Typically we think of x and y here as being indexed by (discretized) time, but of course nothing in the math requires that; for math, the time is just another meaningless variable.

In the “logical” view, this introduction of the dummy variable i means that any value of y depends on every value of w. In the sort of ambient-indexing environment I was thinking of there, Σ considers a multiplicity of possible worlds with different values of w; in this case, we also want to use the index into w to reindex time itself (ominous music with minor chords!) so we can access values of x from other points in time. A reasonable way to write this in ASCII might look something like this:

y = sum(w.i, w * x[t = t-w.i])

Here sum takes two arguments: the index to sum over and the expression to evaluate in a possible world for all of the possible values of the index. w.i is the index set of w; as sum’s first argument, it’s being used as a reference to an index that needs to have its index set inspected and iterated over, while within the expression, it’s being used as a reference to a particular value of that index, a mere rvalue. x is being indexed by the specification [t = t-w.i]; this indexing creates another possible world in which to evaluate x, in which the index t (which, perhaps, might be x.i or a part of x.i) has a different value from its value in the outer environment. The expression t-w.i is evaluated in that outer environment, taking the ambient value of t and subtracting the current value of w.i from it. The indexing expression hides the outer ambient value of t from x, replacing it with the fake value.

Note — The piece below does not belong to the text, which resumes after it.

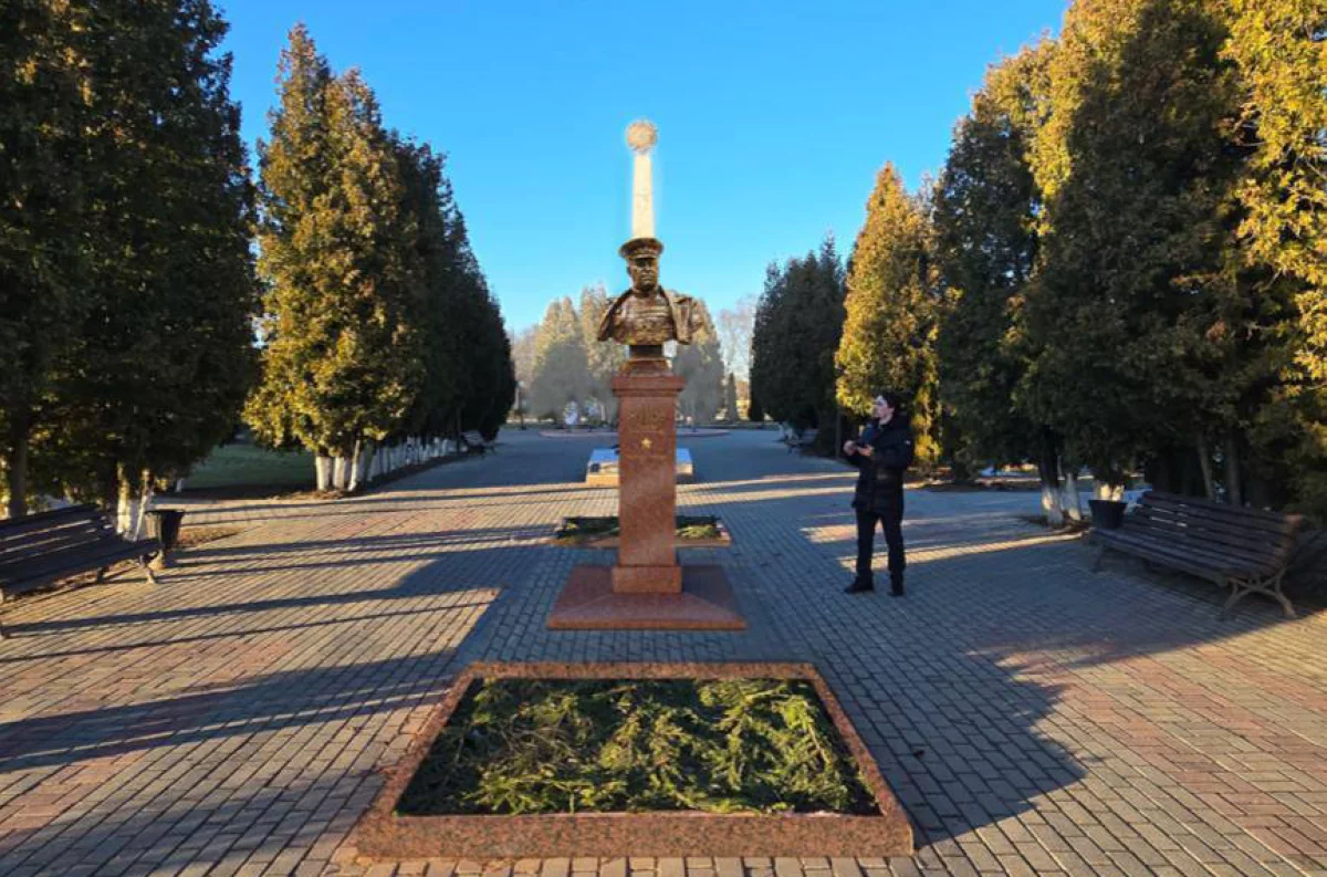 Памятник будет состоять из гранитного основания и бронзового бюста. Общая высота - около трех метров.

This implies that t and w.i are of some types such that it makes sense to subtract them; they are not, for example, merely categorical or ordinal. They could, however, be vectors of the same dimensionality, such as 2-vectors, in which case the same expression above serves for convolving images as well as time-series signals.

However, the fact that we’re iterating over all the possible values of w.i means that it cannot be a continuous dimension, although its values could be values of a continuous type. It must be discrete so that it can have a finite number of possible values!

The same ambiguity about out-of-range values is present. If one of the x[t = t-w.i] values happens to not exist, for a given ambient value of t, does that mean the entire sum fails to exist, and thus y has no value at that point? Or does it merely mean we sum over a smaller number of values?